Jan. 17	T	What is molecular evolution?. Gene structure, Mutation, Genetic codes.
Jan. 19	Th	Dynamics of gene populations: Hardy-Weinberg Equilibrium and assumptions.
Jan. 24	T	Dynamics of gene populations: Allele frequencies, Natural selection, Random genetic drift.
Jan. 26	Th	Dynamics of gene populations: Population size and Genetic polymorphims.
Jan. 31	T	Dynamics of gene populations: Population size and Geneticpolymorphims.
Feb. 2	Th	Evol. Changes: Rates of nucleotide substitutions, causes of variation.
Feb. 7	T	Evol. Changes: Rates of nucleotide substitutions, causes of variation.
Feb. 9	Th	Evol. Changes: Molecular clocks: assumptions and controversy.
Feb. 14	T	Evol. Changes: Molecular clocks: assumptions and controversy.
Feb. 16	Th	Evol. Changes: DNA sequences alignments, statistical methods.
Feb. 21	T	Evol. Changes: DNA sequences alignments, statistical methods.
Feb. 23	Th	Evol. Changes: DNA sequences comparisons, statistical methods.
Feb. 28	T	Evol. Changes: DNA sequences comparisons, statistical methods.
Mar. 2	Th	MID TERM EXAM
Mar. 7	T	Evol. Changes: Gene duplication, gene families.
Mar. 9	Th	Evol. Changes: Gene duplication, gene families.
Mar. 21	T	Evol. Changes: Exon shuffling, concerted evolution.
Mar. 23	Th	Evol.
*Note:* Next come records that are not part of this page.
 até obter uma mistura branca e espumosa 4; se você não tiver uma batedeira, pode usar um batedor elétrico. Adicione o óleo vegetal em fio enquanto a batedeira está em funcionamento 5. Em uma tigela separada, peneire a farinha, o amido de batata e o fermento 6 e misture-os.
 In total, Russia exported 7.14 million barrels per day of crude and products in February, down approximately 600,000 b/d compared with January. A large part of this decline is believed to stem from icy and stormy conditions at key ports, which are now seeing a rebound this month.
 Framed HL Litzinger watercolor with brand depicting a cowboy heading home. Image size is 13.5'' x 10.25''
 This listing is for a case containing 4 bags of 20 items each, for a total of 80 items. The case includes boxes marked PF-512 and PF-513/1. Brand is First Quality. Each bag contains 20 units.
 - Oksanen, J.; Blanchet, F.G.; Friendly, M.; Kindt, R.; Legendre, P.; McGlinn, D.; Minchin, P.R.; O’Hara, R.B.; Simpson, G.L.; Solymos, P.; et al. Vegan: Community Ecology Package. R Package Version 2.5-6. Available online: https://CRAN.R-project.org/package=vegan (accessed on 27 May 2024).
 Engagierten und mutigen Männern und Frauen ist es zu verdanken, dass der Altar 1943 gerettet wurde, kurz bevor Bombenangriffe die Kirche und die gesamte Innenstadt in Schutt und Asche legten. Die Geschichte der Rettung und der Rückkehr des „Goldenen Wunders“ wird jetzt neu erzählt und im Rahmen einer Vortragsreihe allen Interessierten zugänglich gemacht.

Changes: Exon shuffling, concerted evolution.
Mar. 28	T	Evol. Changes: Transposition and transposable elements.
Mar. 30	Th	Evol. Changes: Transposition and transposable elements.
Apr. 4	T	Genome organization: Genome size, compostion in bacteria and eukaryotes.
Apr. 6	Th	Genome organization: Genome size, compostion in bacteria and eukaryotes .
Apr. 11	T	Molecular Phylogeny: Phylogenetic trees.
Apr. 13	Th	Molecular Phylogeny: Phylogenetic trees.
Apr. 18	T	Molecular Phylogeny: Phylogeny of humans and apes.
Apr. 20	Th	Molecular Phylogeny: Phylogeny of humans and apes.
Apr. 25	T	POSTER SESSION

Laboratory:

Week 1. Introduction. Preparation of basic media and solutions, concentrations, calculations, safety regulations.
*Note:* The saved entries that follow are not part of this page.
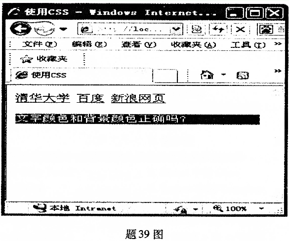 在页面中使用CSS样式表,实现如题39图所示功能。
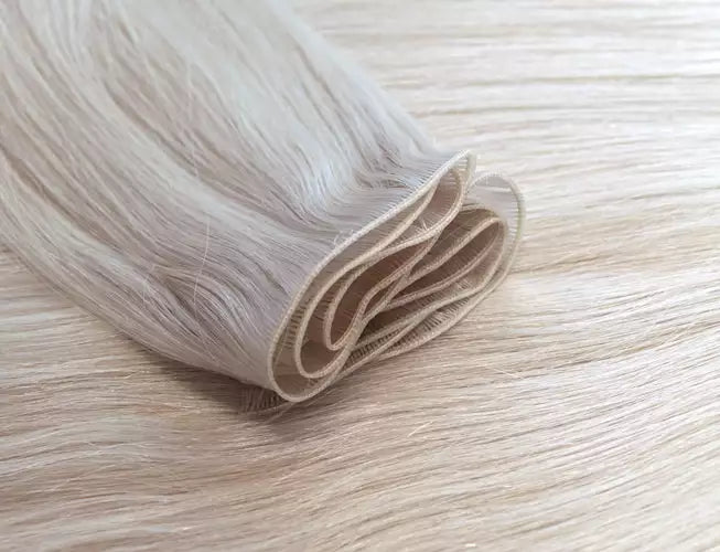 A 45 cm (18") weft has a hair weight of 50 grams, while a 60 cm (24") weft weighs 60 grams.
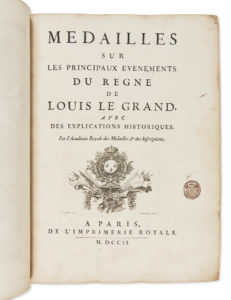 Important ouvrage de numismatique à la gloire de Louis XIV dont la réalisation, lancée par Colbert, demanda une quarantaine d’années de travail. Le texte latin des médailles et les notices historiques françaises les accompagnant sont dus à la collaboration de différents membres de l’Académie des Inscriptions et Belles-Lettres dont Racine, Boileau, Tallemant, Praud, Henriquez.
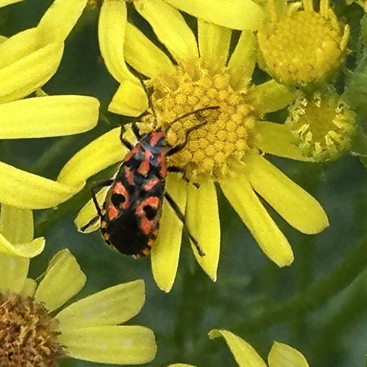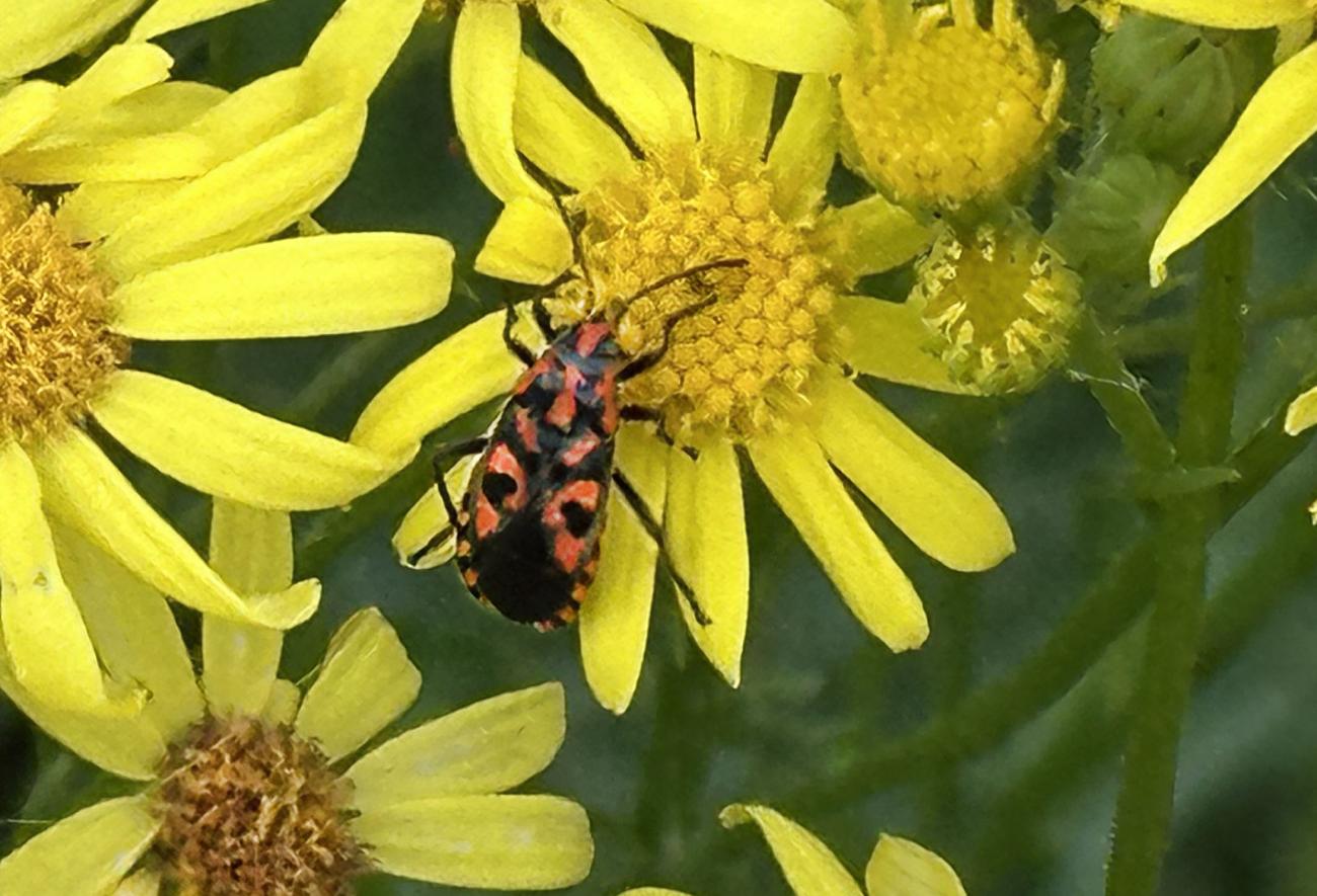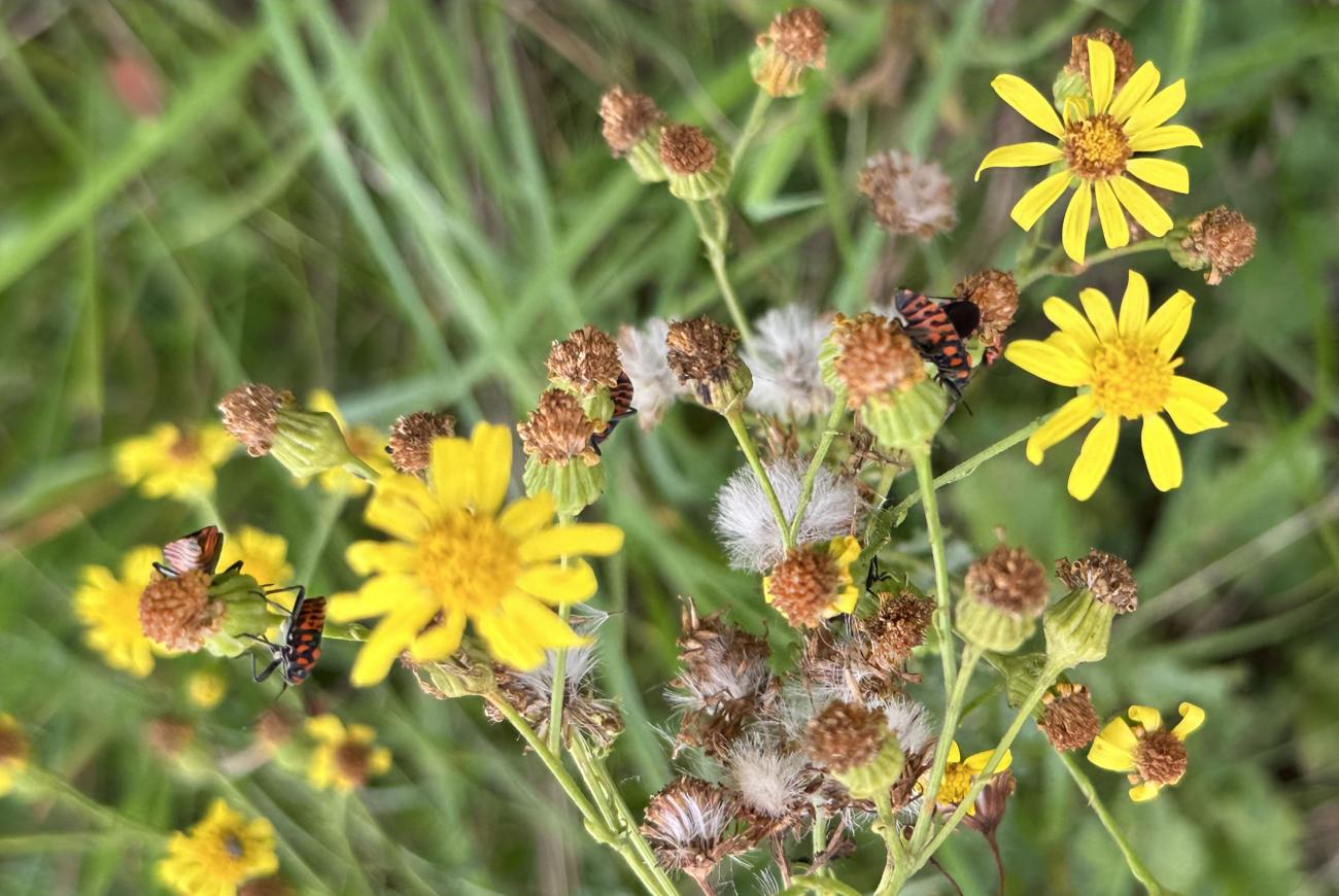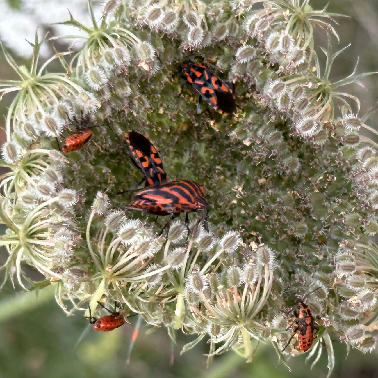 Es stehen noch einige Jakobs-Kreuzkräuter auf der Musterfläche. Wir lassen sie den Insekten, solange sie nicht beginnen sich zu versamen. Dann müssen sie weg. Das Highlight heute darauf war das scharz-weiße Ackerwinden-Bunteulchen (Acontia Trabealis). Vorher noch nie gesehen, sehr schön! Außerdem ist auf dem Jakobs-Kreuzkraut auch oft die Kinderstube der Knappen, auch Stein-Ritterwanze genannt zu sehen. Wie auch oft auf der Wilden Möhre. Auf einem Foto hier sind sowohl Knappen plus eine Streifenwanze zu sehen. Auf anderen Samenständen juvenile Feuerwanzen. bei schwindendem Licht noch einen Rotrandbär gesichtet (Foto unscharf). Ein Exemplar davon habe ich auch hier im letzten Jahr gesehen. Eine Kronwicke hat sich vom Nachbargrundstück (R7) jetzt hierher versamt.

Week 2. Genomic DNA preparation. Isolate and purify intact high molecular weight DNA from eukaryotic cells. Vector DNA preparation.
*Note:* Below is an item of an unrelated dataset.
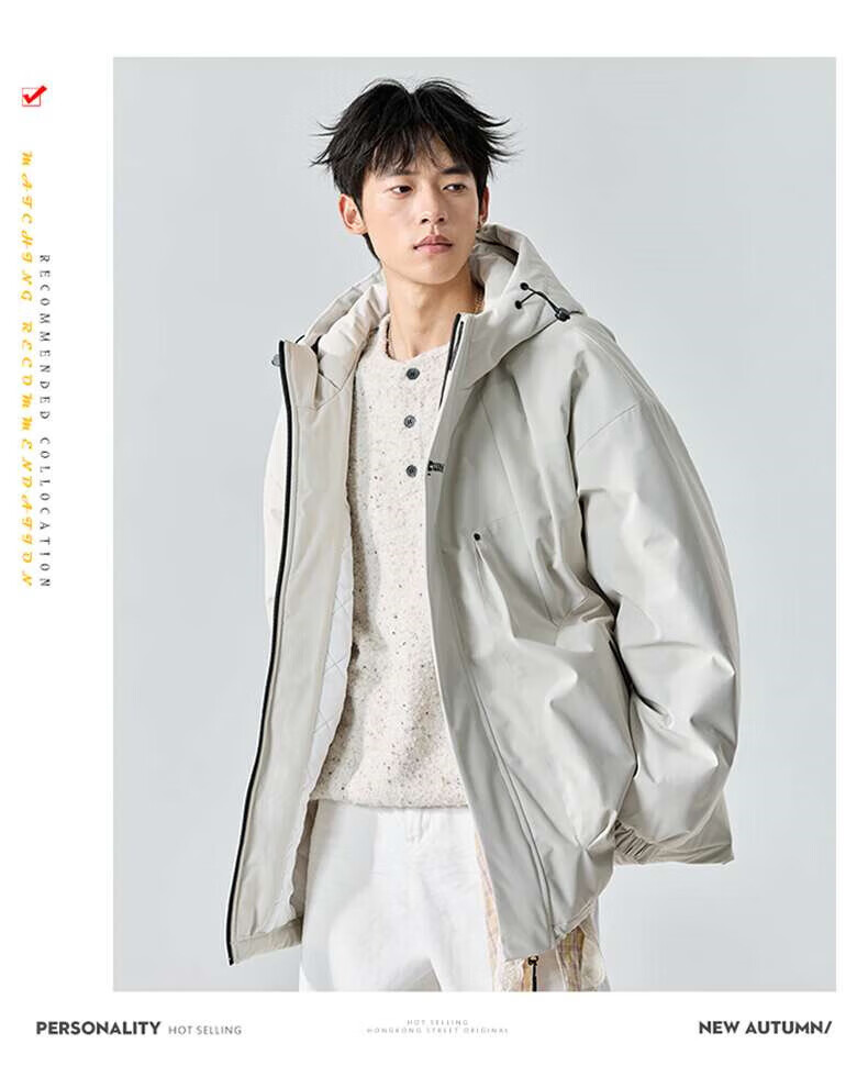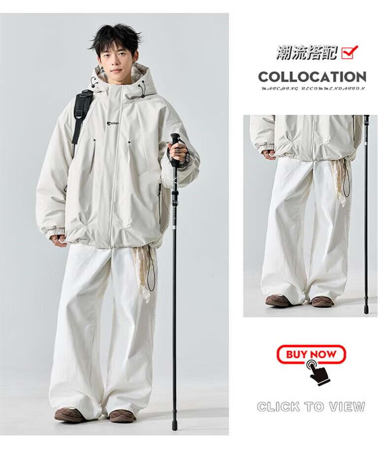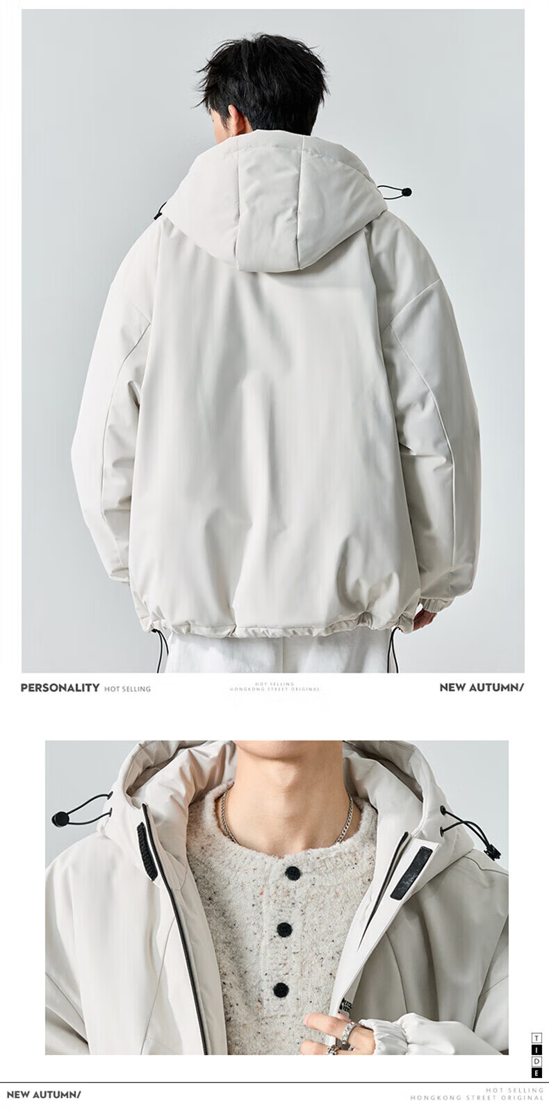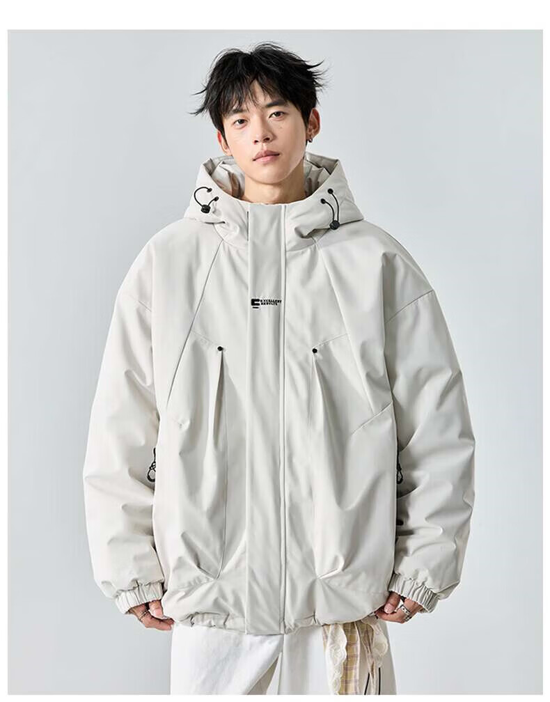 JEEP SPIRIT吉普棉服男女款冬季日系潮牌户外工装冲锋衣防风防水加厚连帽外套 象牙白 XL

Week 3. Restriction Fragment Mapping. Understanding restriction undonucleases. DNA restriction reactions. Full and partial digestions. Effects of: temperature, reaction time, salt concentrations. Gel preparation, pouring, and effects of gel concentration. Restriction Mapping: RFLP analysis and fingerprinting. Applications and limitations of technique.

Week 4. DNA-DNA hybridization. Principles and concepts associated, e.g., DNA denaturation and renaturaltion. Electrophoresis of cleaved DNA. DNA Denaturation, transfer to membrane through Southern Blot. Nick translation and Hybridization. Applications and limitations of technique.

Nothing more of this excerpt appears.